Question

Evaluate each of the following integral:

\[\int_0^{2\pi} \log\left( \sec x + \tan x \right)dx\]

 

Answer 1

\[\text{Let I }= \int_0^{2\pi} \log\left( \sec x + \tan x \right)dx\]         ...........(1)

Then,

\[I = \int_0^{2\pi} \log\left[ \sec\left( 2\pi - x \right) + \tan\left( 2\pi - x \right) \right]dx ...............\left[ \int_0^a f\left( x \right)dx = \int_0^a f\left( a - x \right)dx \right]\]
\[ = \int_0^{2\pi} \log\left( \sec x - \tan x \right)dx .....................\left( 2 \right)\]

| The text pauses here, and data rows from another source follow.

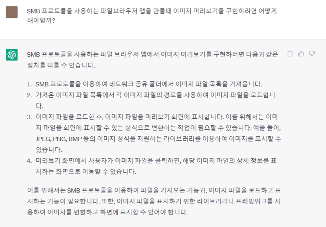 최근에 회사에서 SMB 프로토콜을 사용하는 네트워크 파일 서버에 연결하는 안드로이드 기반 파일탐색기 앱에서 '이미지 미리보기' 기능을 구현할 수 있는지를 빠르게 검증해보라는 상사의 요구사항이 있었습니다. 제 담당업무는 안드로이드 프레임워크의 Wi-Fi 부분인데, 관련성이 상당히 떨어지는 분야였죠. 그렇다고 SMB 프로토콜에 경험이 있는 상태도 아니었습니다. 그래서 ChatGPT 를 활용해 봤습니다.
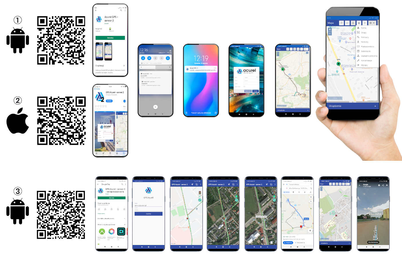 Wystarczy wejść do aplikacji tych obu sklepów i wpisać 'GPS Acurel' lub zeskanować poniższy kod QR bądź ten dostępny w polskiej instrukcji do platformy GPS Acurel.
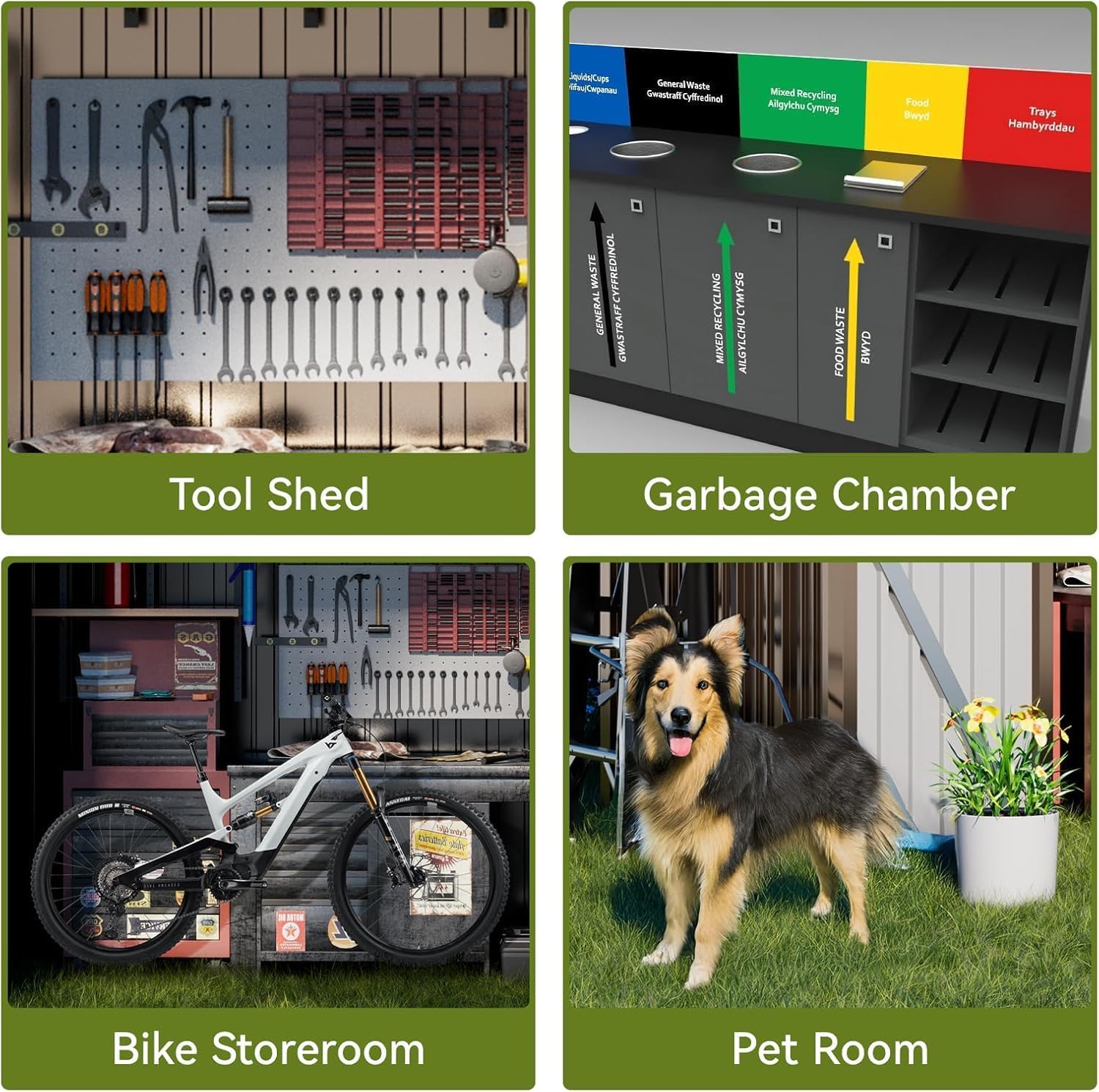 • Outdoor Shed:This storage shed is made of high-quality galvanized steel and covered with a powder-coated finish.Its durable construction ensures that it can withstand harsh weather conditions and ensure your items remain safe
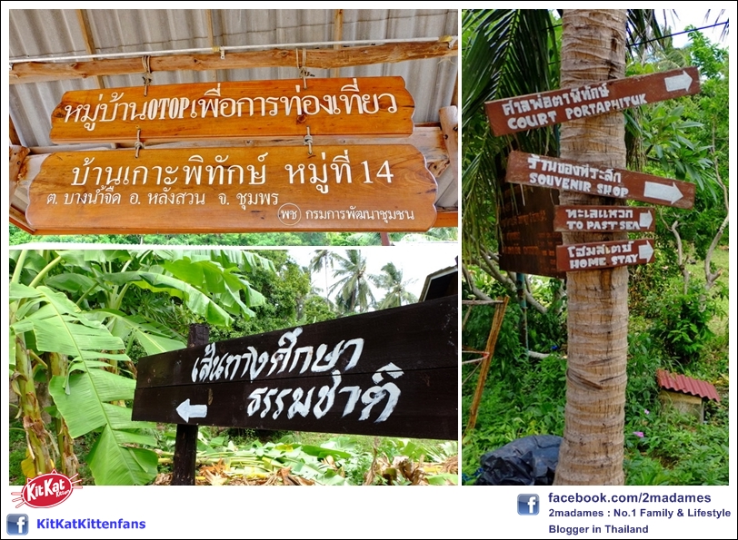 เดินมาถึงก็จะเจอป้ายบอกค่ะ เกาะพิทักษ์ ตั้งอยู่ที่ ต.บางน้ำจืด อ.หลังสวน จ.ชุมพร เป็นเกาะที่มีคำขวัญว่า “ถนนน้ำข้ามสมุทร น้ำจืดผุดกลางเกาะ หอยเจาะทะเลขาด หาดสองน้ำ” ที่เกาะพี่ทักษ์จะมีจุดท่องเที่ยวรอบเกาะค่ะ ซึ่งจะมีป้ายบอก มีทางเป็นบันไดขึ้นเขาบ้าง สามารถขับจักรยานได้ด้วย แต่ด้วยความแมนๆของสองสาว เราเลือกเดินค่ะ
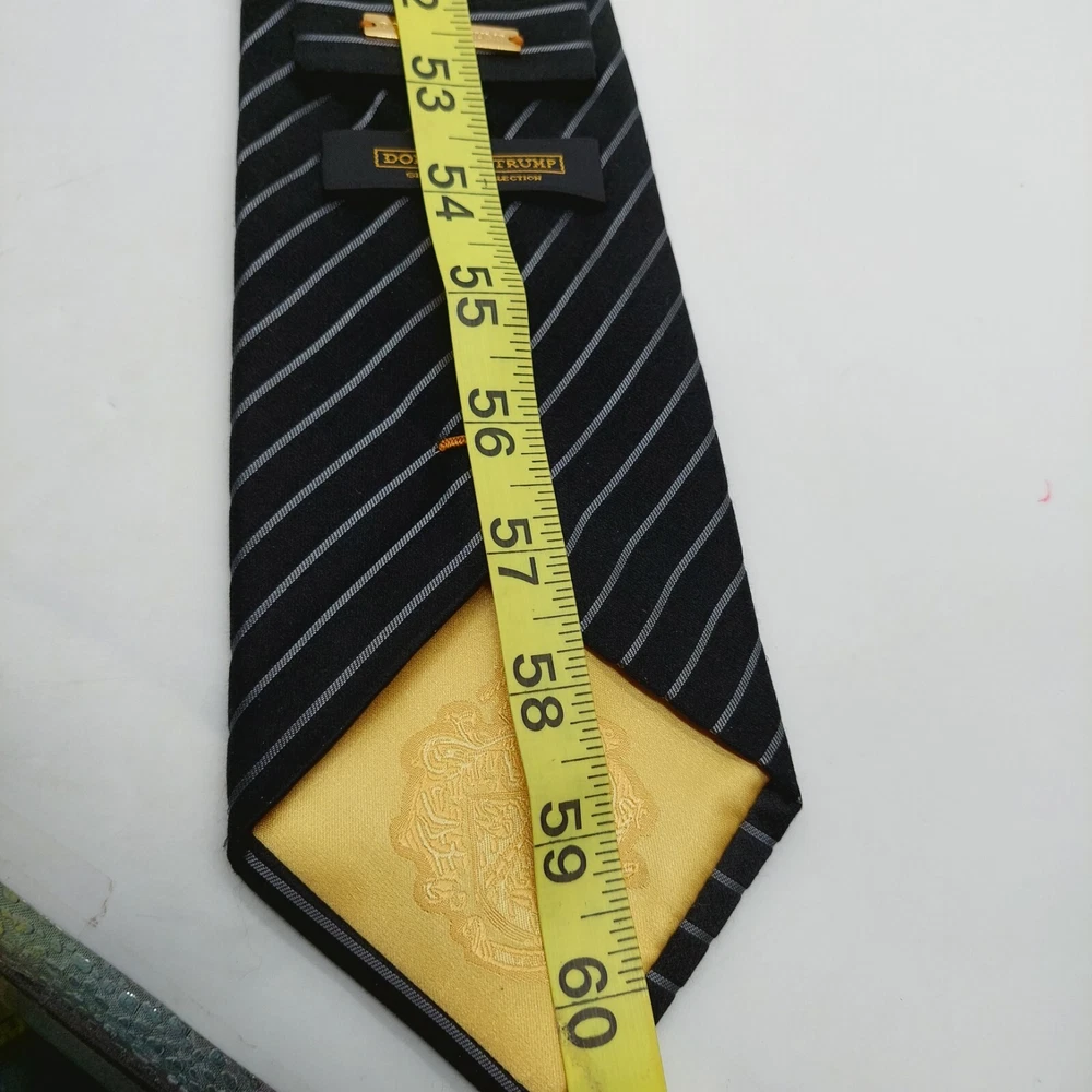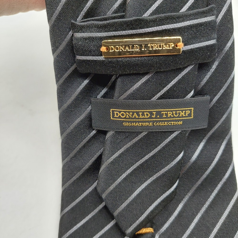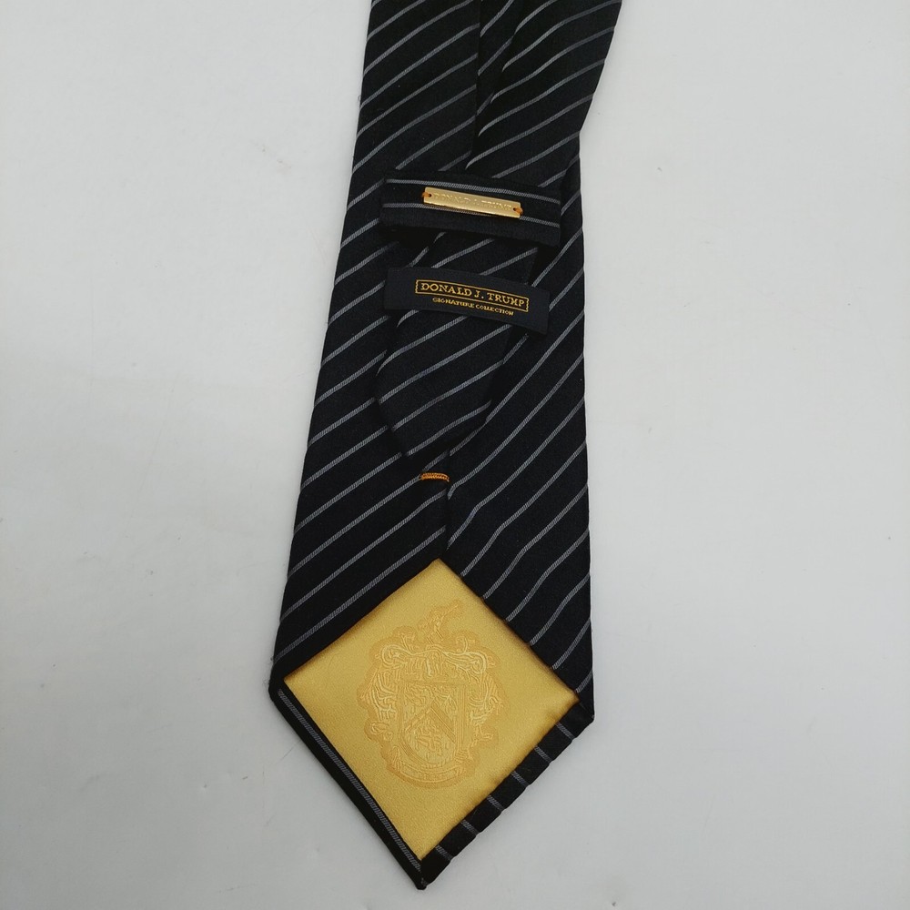 Pattern:StripedBrand:Donald J. TrumpItem Width:WideUPC:Does not applyTheme:StripedColor:BlackItem Length:Classic (57"-60")Material:100% SilkStyle:Designergtin13:Does not applySize:59" x 3 7/8"Fabric Type:WovenDepartment:MenAttachment Type:TiedType:Tie

Adding (1) and (2), we get

\[2I = \int_0^{2\pi} \left[ \log\left( \sec x + \tan x \right) + \log\left( \sec x - \tan x \right) \right]dx\]
\[ \Rightarrow 2I = \int_0^{2\pi} \log\left( \sec^2 x - \tan^2 x \right)dx\]
\[ \Rightarrow 2I = \int_0^{2\pi} \log1dx .................\left( 1 + \tan^2 x = \sec^2 x \right)\]
\[ \Rightarrow 2I = 0 ......................\left( \log1 = 0 \right)\]
\[ \Rightarrow I = 0\]